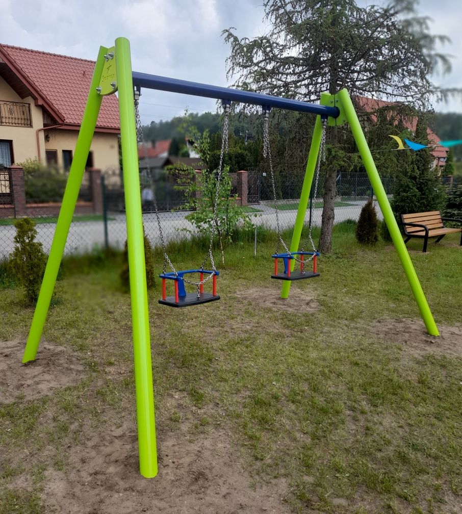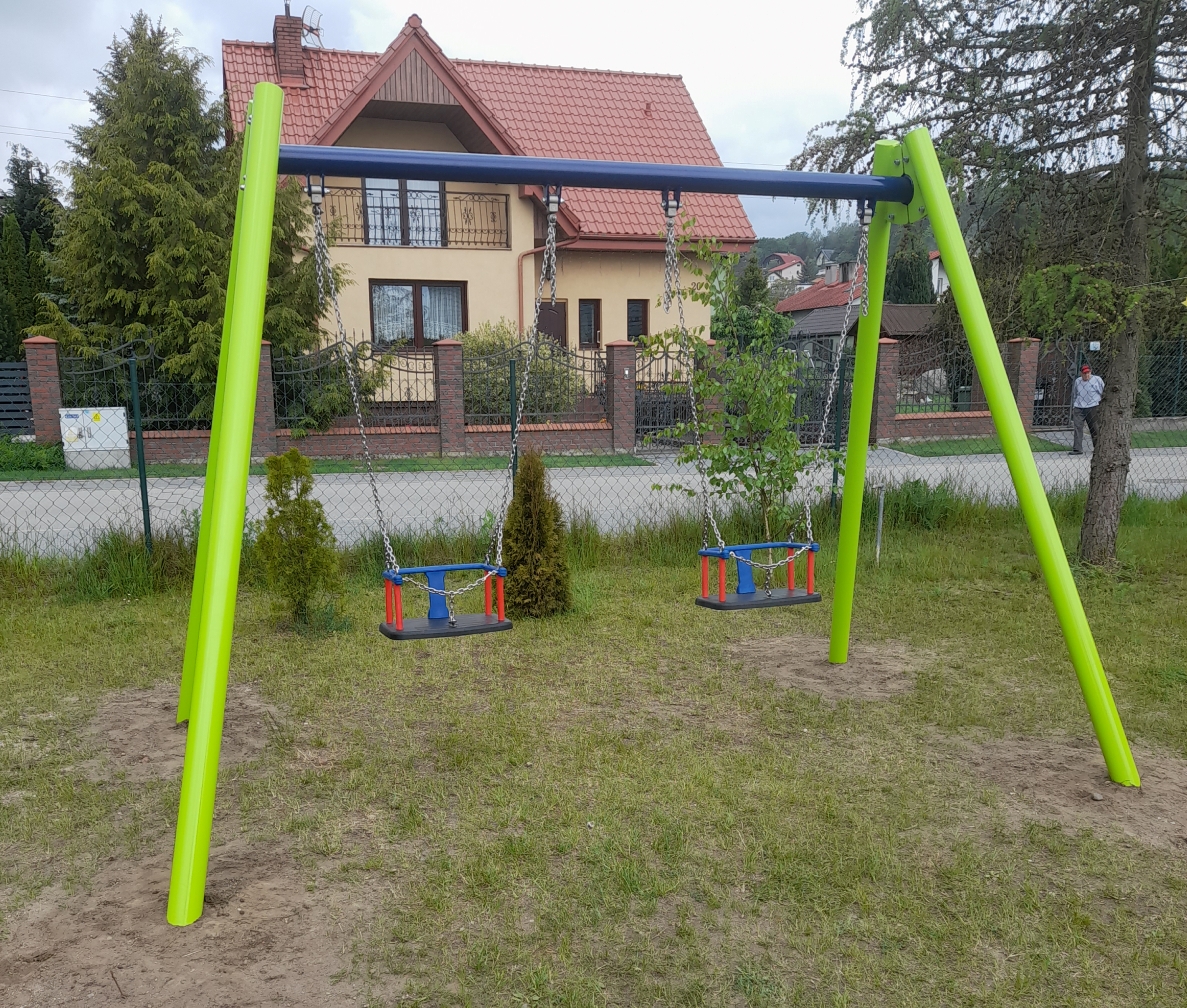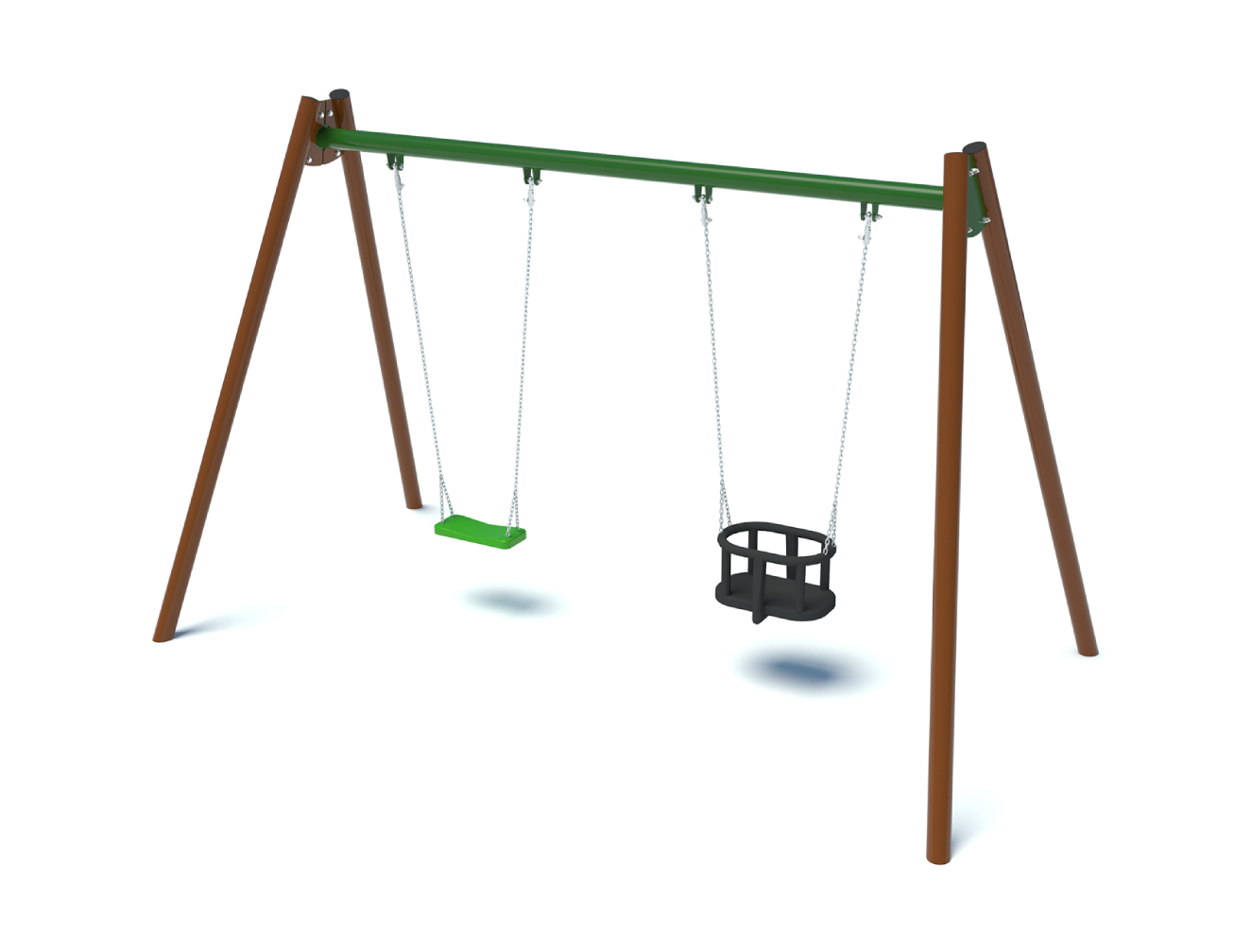 Breng plezier en avontuur naar je speeltuin met de dubbele schommel. Dit kleurrijke speeltoestel is ontworpen om de verbeelding van kinderen te prikkelen en eindeloos speelplezier te bieden.
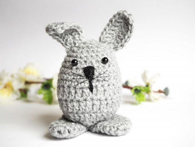 Uroczy, wielkanocny zajączek wykonany z mięciutkiej włóczki na szydełku.
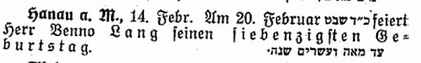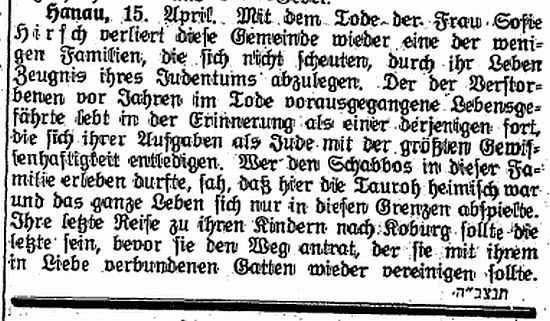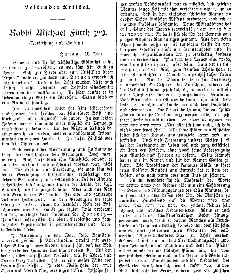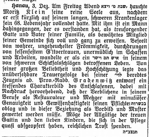 in der Zeitschrift "Der Israelit" vom 17. März 1904: "Für

> _Task item_
Return the data exactly as it stands, minus the pictures.

> _Exercise output_
 Breng plezier en avontuur naar je speeltuin met de dubbele schommel. Dit kleurrijke speeltoestel is ontworpen om de verbeelding van kinderen te prikkelen en eindeloos speelplezier te bieden.
 Uroczy, wielkanocny zajączek wykonany z mięciutkiej włóczki na szydełku.
 in der Zeitschrift "Der Israelit" vom 17. März 1904: "Für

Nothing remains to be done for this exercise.